Your answer must be the exact lines below, starting with the line with "ขายคอนโด HQ ทองหล่อ" and going on through the line with "Cuando ya están", both included, with no pictures.
[THE DATA — start]
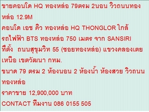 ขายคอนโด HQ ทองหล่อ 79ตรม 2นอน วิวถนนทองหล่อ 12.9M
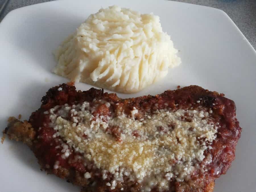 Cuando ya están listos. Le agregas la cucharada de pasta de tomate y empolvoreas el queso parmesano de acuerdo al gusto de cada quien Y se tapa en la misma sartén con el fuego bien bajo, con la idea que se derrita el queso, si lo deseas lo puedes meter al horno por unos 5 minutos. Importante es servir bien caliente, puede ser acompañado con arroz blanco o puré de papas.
[THE DATA — finish]
[THE DATA — start]
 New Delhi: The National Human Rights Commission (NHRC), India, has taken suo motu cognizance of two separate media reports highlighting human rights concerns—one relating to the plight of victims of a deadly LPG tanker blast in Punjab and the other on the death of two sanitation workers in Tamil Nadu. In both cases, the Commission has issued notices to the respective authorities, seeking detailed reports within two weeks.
[THE DATA — finish]
[THE DATA — start]
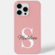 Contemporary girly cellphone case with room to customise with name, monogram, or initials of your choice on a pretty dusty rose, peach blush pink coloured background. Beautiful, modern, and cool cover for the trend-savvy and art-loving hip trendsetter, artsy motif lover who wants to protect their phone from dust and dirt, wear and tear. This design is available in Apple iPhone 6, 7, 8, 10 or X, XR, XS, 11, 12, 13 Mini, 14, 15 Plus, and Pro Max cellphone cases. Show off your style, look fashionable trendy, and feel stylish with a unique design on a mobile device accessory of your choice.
[THE DATA — finish]
> RESULT:
 ขายคอนโด HQ ทองหล่อ 79ตรม 2นอน วิวถนนทองหล่อ 12.9M
 Cuando ya están listos. Le agregas la cucharada de pasta de tomate y empolvoreas el queso parmesano de acuerdo al gusto de cada quien Y se tapa en la misma sartén con el fuego bien bajo, con la idea que se derrita el queso, si lo deseas lo puedes meter al horno por unos 5 minutos. Importante es servir bien caliente, puede ser acompañado con arroz blanco o puré de papas.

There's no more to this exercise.